Task statement:
Would you repeat word for word the lines of the listing that follows, from the one with "A histogram-like graph" up to and including the one with "W miniony czwartek", and leave out the images?

|---|

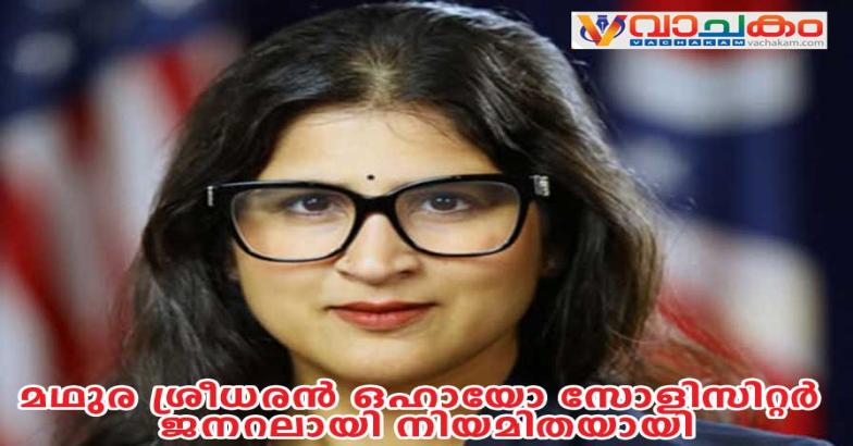 കൊളംബസ്, ഒഹായോ: മഥുര ശ്രീധരൻ ഒഹായോയുടെ 12-ാമത് സോളിസിറ്റർ ജനറലായി നിയമിതയായി. സംസ്ഥാനത്തെ ഏറ്റവും മികച്ച അപ്പലേറ്റ് അഭിഭാഷകയായി. അറ്റോർണി ജനറൽ ഡേവ് യോസ്റ്റിന്റെ ഓഫീസ് എക്സിൽ (മുമ്പ് ട്വിറ്റർ) അവരുടെ സ്ഥാനക്കയറ്റം പ്രഖ്യാപിച്ചു.
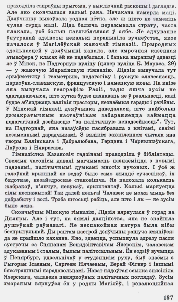 ....Жыцьцё абаяльнай магілеўчанкі Лідзіі Язерскай — захапляючы сюжэт для рамана. Скончыла мінскую гімназію, вучылася ў Пецярбургу, судзілася ў Маскве. А яе ўчынак у Магілёве! Лідзія бачыла дзікія стэпы Забайкальля, нацярпелася ў якуцкай ссылцы, дзе сустракалася з літаратарам Мікалаем Афанасьевым, вучнем У. караленкі. За год да рэвалюцыі памерла яна ў Якуцку, пахавалі яе на ўзьбярэжжы Лены..
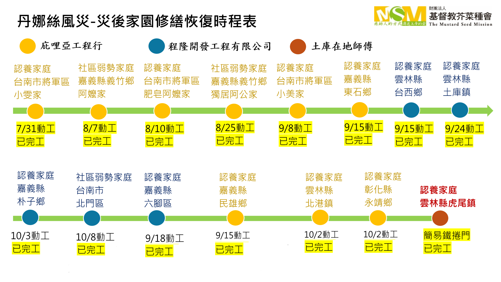 當7月6日丹娜絲颱風重創中南部時,無數家庭在一夜之間失去了遮風避雨的依靠。面對突如其來的災難,基督教芥菜種會立即深入災區,送上急難救助金與生活物資,並於7月底展開修繕行動,陪伴受災家庭,一步步重建家的安全與希望。
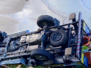 Veículo capota durante instalação de Natal no Farol de Santa Marta
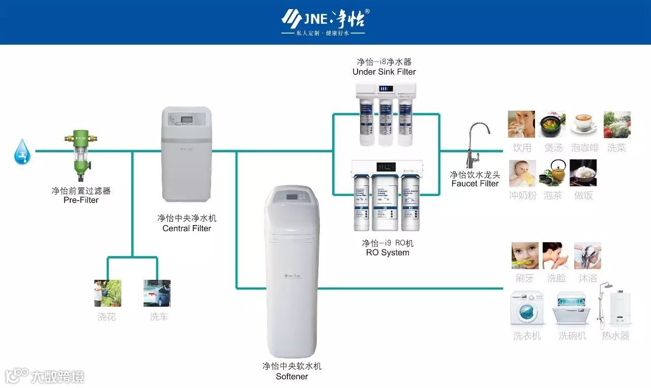全屋净化它包括了我们提到的终端净水机、中央净水机、前置过滤器、中央软水机、即热式管线机。
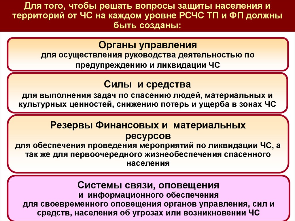 Для того, чтобы решать вопросы защиты населения итерриторий от ЧС на каждом уровне РСЧС ТП и ФП должны
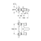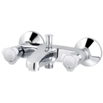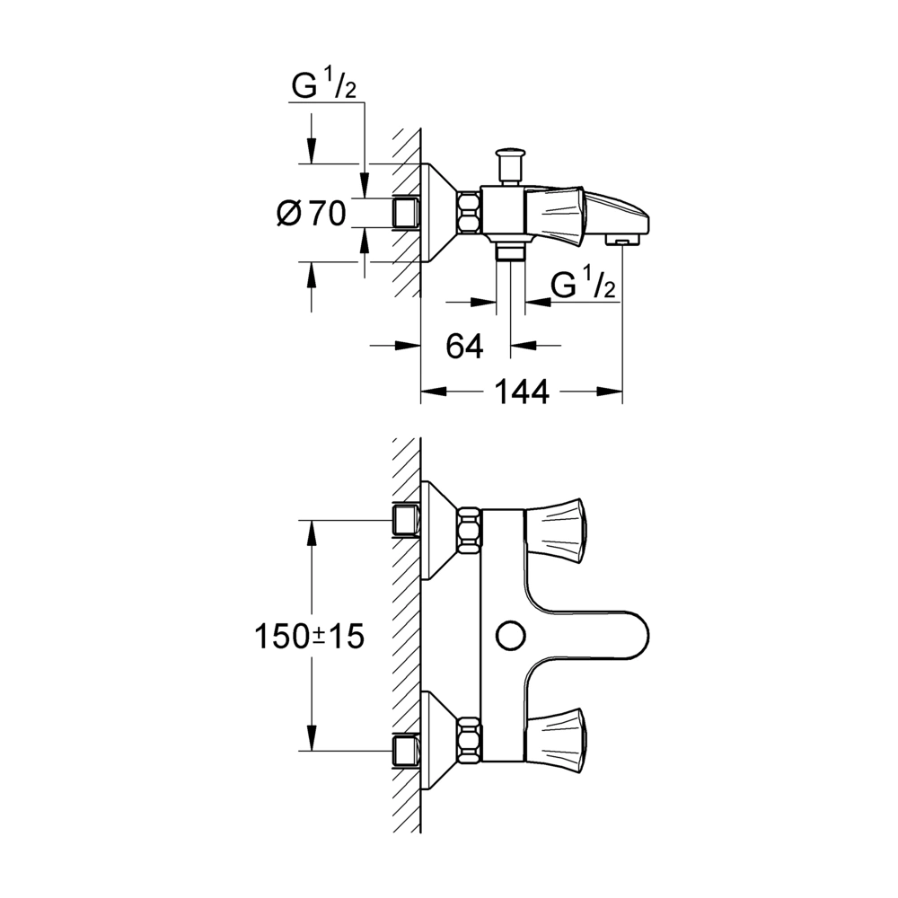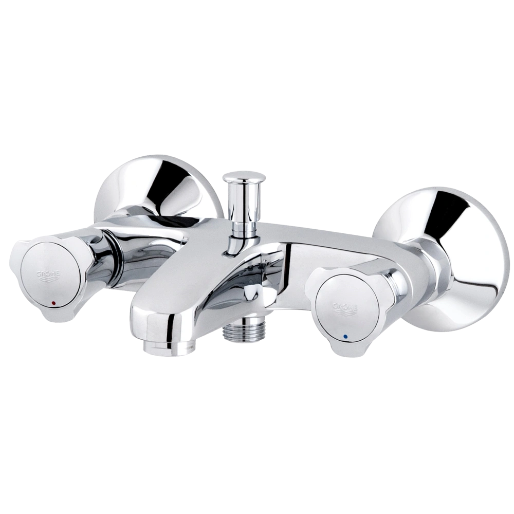 Wannenarmatur zur Aufputzmontage. Sie besitzt zwei wärmeisolierte Metallgriffe mit Markierung, einen Auslauf mit Mousseur und eine automatische Umstellung von Wanne auf Brause. Die Armatur ist mit einem Rückflussverhinderer und S-Anschlüssen ausgestattet. Die GROHE Long-Life® Chromoberfläche ist pflegeleicht, hygienisch und unempfindlich gegen Verkratzen.
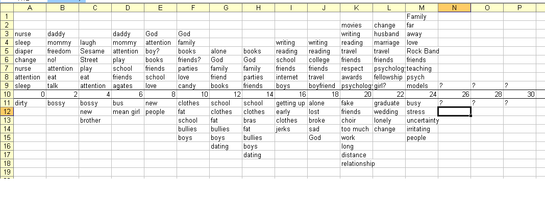 A histogram-like graph expressing my desires to have (above the age line) and to avoid (below the age line) throughout my life so far. As you can see, like most people my teen years were sort of lousy, but college and grad school are making up for it.
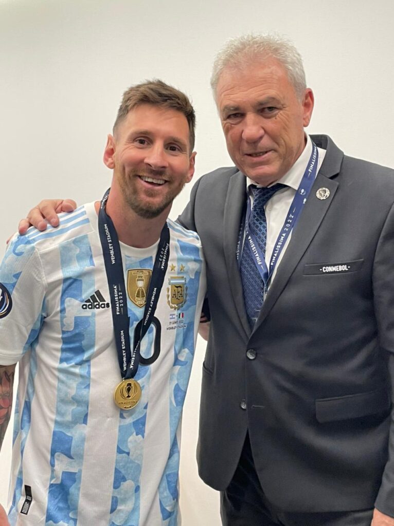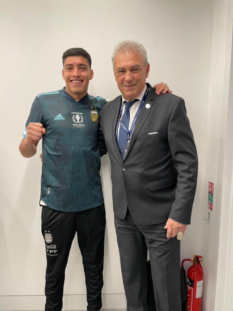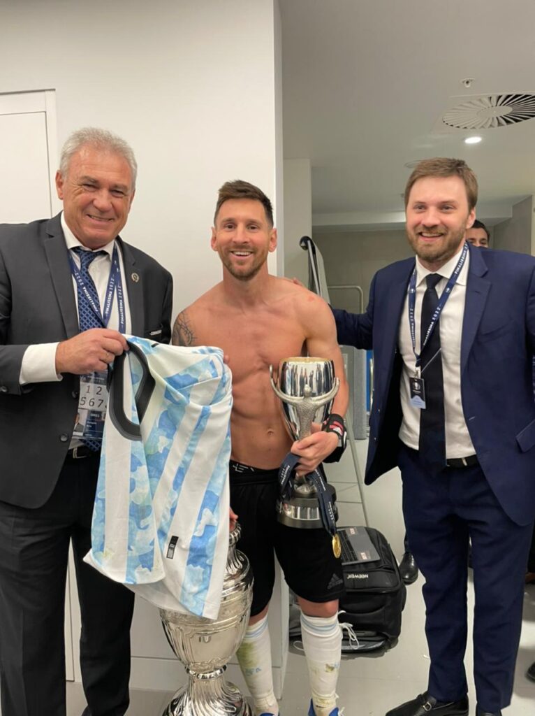Nery Pumpido, Secretario Adjunto de Conmebol, y Diego González, arquero de Unión que oficia como sparring, participaron de las celebraciones de la Selección Argentina tras el 3-0 ante Italia.
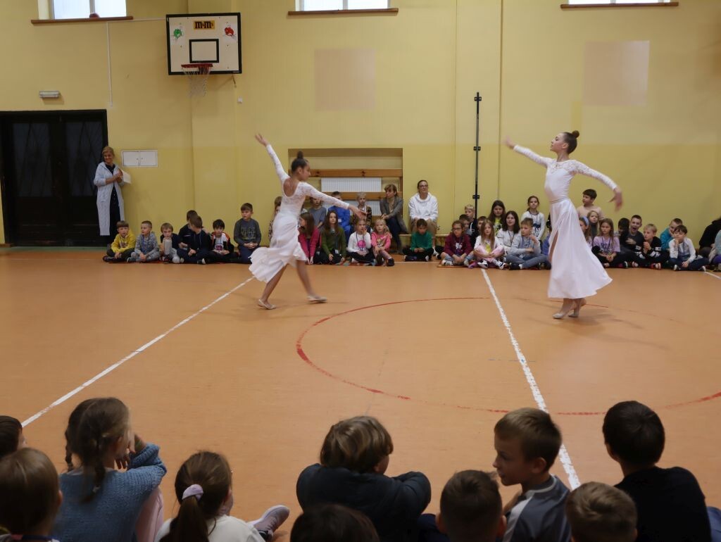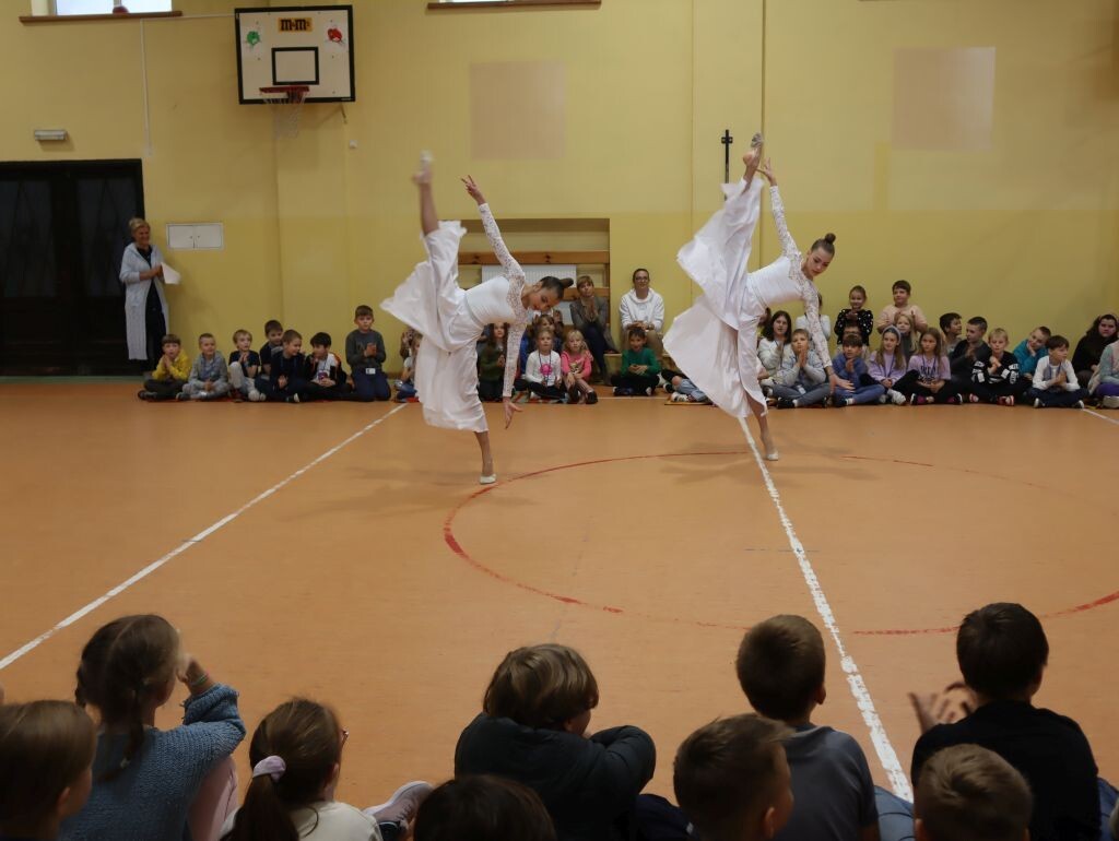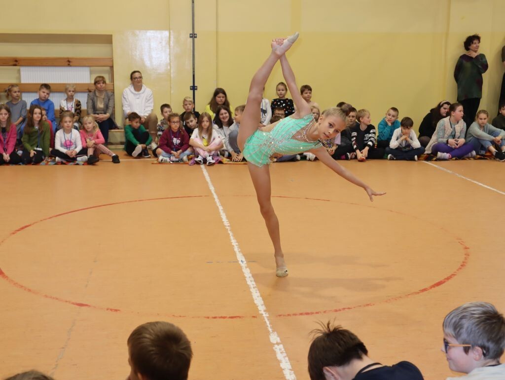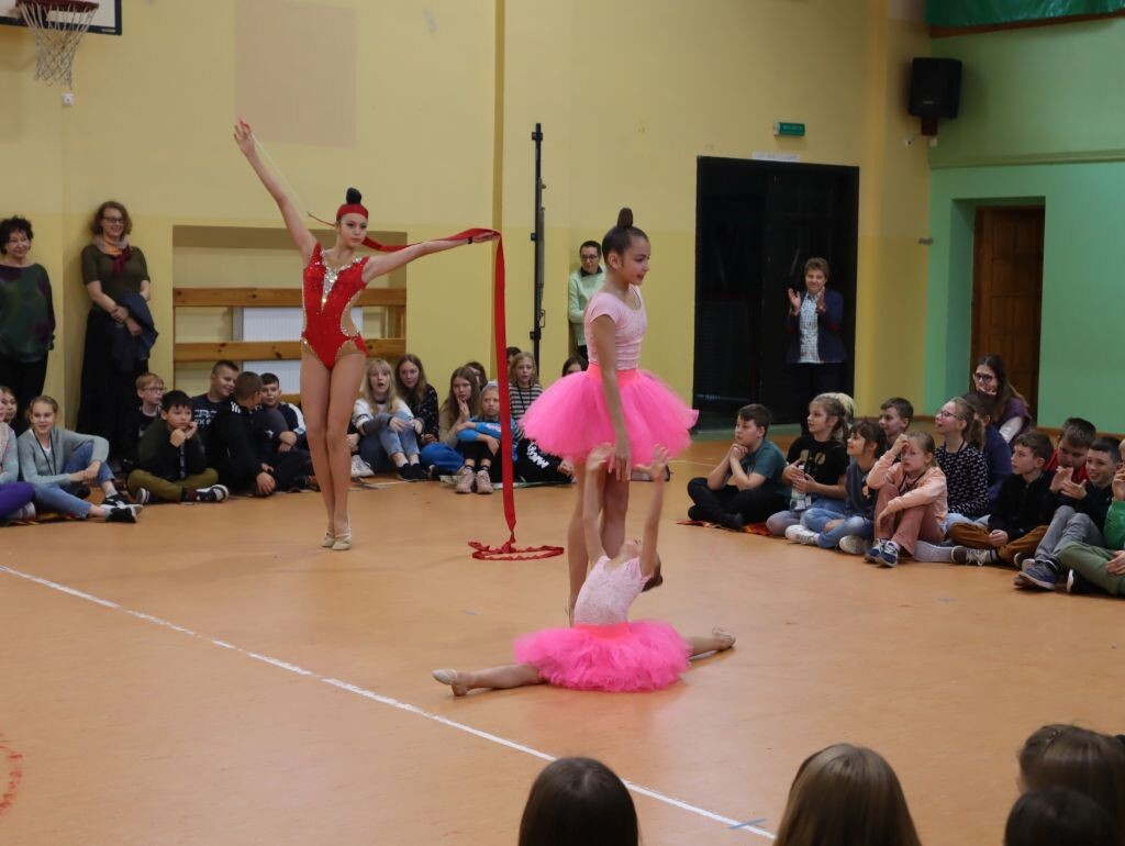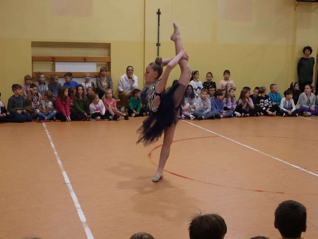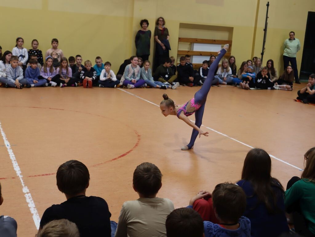 W miniony czwartek uczniom klas I-V naszej szkoły zaprezentowały się zawodniczki z Dziecięcego Klubu Sportowego Gimnastyki Artystycznej „PRIZ” z Zaporoża na Ukrainie. Pokazane przez dziewczęta umiejętności bardzo spodobały się widzom.
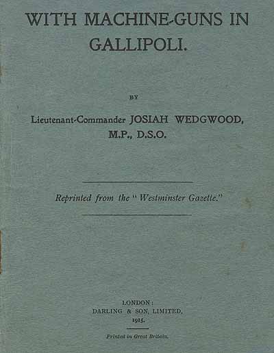 Wedgwood played a prominent part in the Gallipoli expedition. His first-hand account describes the landing on 25th April 1915 and the taking of Sedd el Bahr fort. He also details how the terrain was unsuitable for armoured cars and so the eleven machine guns were dismounted and placed on flat stands on the bow of the beached ship, SS River Clyde, on V Beach.
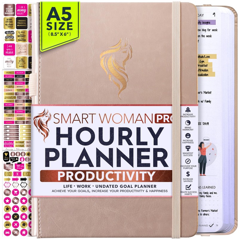 Hourly Planner - Undated Weekly & Monthly Life Planner, 12 Month Journey to Increase Productivity & Happiness, Gratitude Journal, Financial Planner, Self Care Journal for Women - Vertical Layout

|---|

Your solution:
 A histogram-like graph expressing my desires to have (above the age line) and to avoid (below the age line) throughout my life so far. As you can see, like most people my teen years were sort of lousy, but college and grad school are making up for it.
Nery Pumpido, Secretario Adjunto de Conmebol, y Diego González, arquero de Unión que oficia como sparring, participaron de las celebraciones de la Selección Argentina tras el 3-0 ante Italia.
 W miniony czwartek uczniom klas I-V naszej szkoły zaprezentowały się zawodniczki z Dziecięcego Klubu Sportowego Gimnastyki Artystycznej „PRIZ” z Zaporoża na Ukrainie. Pokazane przez dziewczęta umiejętności bardzo spodobały się widzom.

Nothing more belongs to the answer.